Sommer Verena R, Sander Myriam C
Center for Lifespan Psychology, Max Planck Institute for Human Development, Berlin, Germany.
Neuropsychol Dev Cogn B Aging Neuropsychol Cogn. 2022 May;29(3):443-462. doi: 10.1080/13825585.2021.2019184. Epub 2021 Dec 23.

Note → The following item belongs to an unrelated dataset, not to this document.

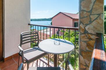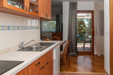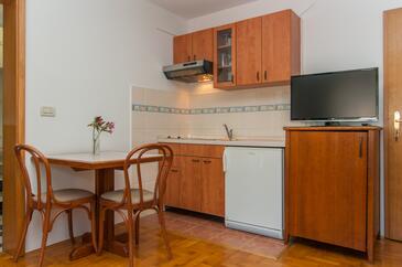 Ferienwohnung bietet Platz für 3 Gäste. Die Betten sind in Schlafzimmern, die es 1 gibt, und in Wohnzimmer, innerhalb einer Gesamtfläche von 34m2, angeordnet. Die Gäste haben eine eigene Terrasse zur Verfügung, auf der sie in warmen Sommernächten genießen können. Das Apartment bietet Meerblick. Es ist erlaubt, Speisen auf dem Gemeinschafts-Grill vorzubereiten.

Long-standing theories of cognitive aging suggest that memory decline is associated with age-related differences in the way information is neurally represented. Multivariate pattern similarity analyses enabled researchers to take a representational perspective on brain and cognition, and allowed them to study the properties of neural representations that support successful episodic memory. Two representational properties have been identified as crucial for memory performance, namely the and the of neural representations. Here, we review studies that used multivariate analysis tools for different neuroimaging techniques to clarify how these representational properties relate to memory performance across adulthood. While most evidence on age differences in neural representations involved stimulus category information , recent studies demonstrated that particularly item-level stability and specificity of activity patterns are linked to memory success and decline during aging. Overall, multivariate methods offer a versatile tool for our understanding of age differences in the neural representations underlying memory.
长期以来的认知衰老理论表明,记忆衰退与信息在神经表征方式上的年龄相关差异有关。多变量模式相似性分析使研究人员能够从表征的角度研究大脑与认知,并让他们研究支持成功情景记忆的神经表征特性。已确定两种表征特性对记忆表现至关重要,即神经表征的 和 。在此,我们回顾了使用多变量分析工具对不同神经成像技术进行研究的相关文献,以阐明这些表征特性在整个成年期如何与记忆表现相关联。虽然关于神经表征年龄差异的大多数证据都涉及刺激类别信息 ,但最近的研究表明,特别是活动模式的项目级稳定性和特异性与衰老过程中的记忆成功和衰退有关。总体而言,多变量方法为我们理解记忆背后神经表征的年龄差异提供了一种通用工具。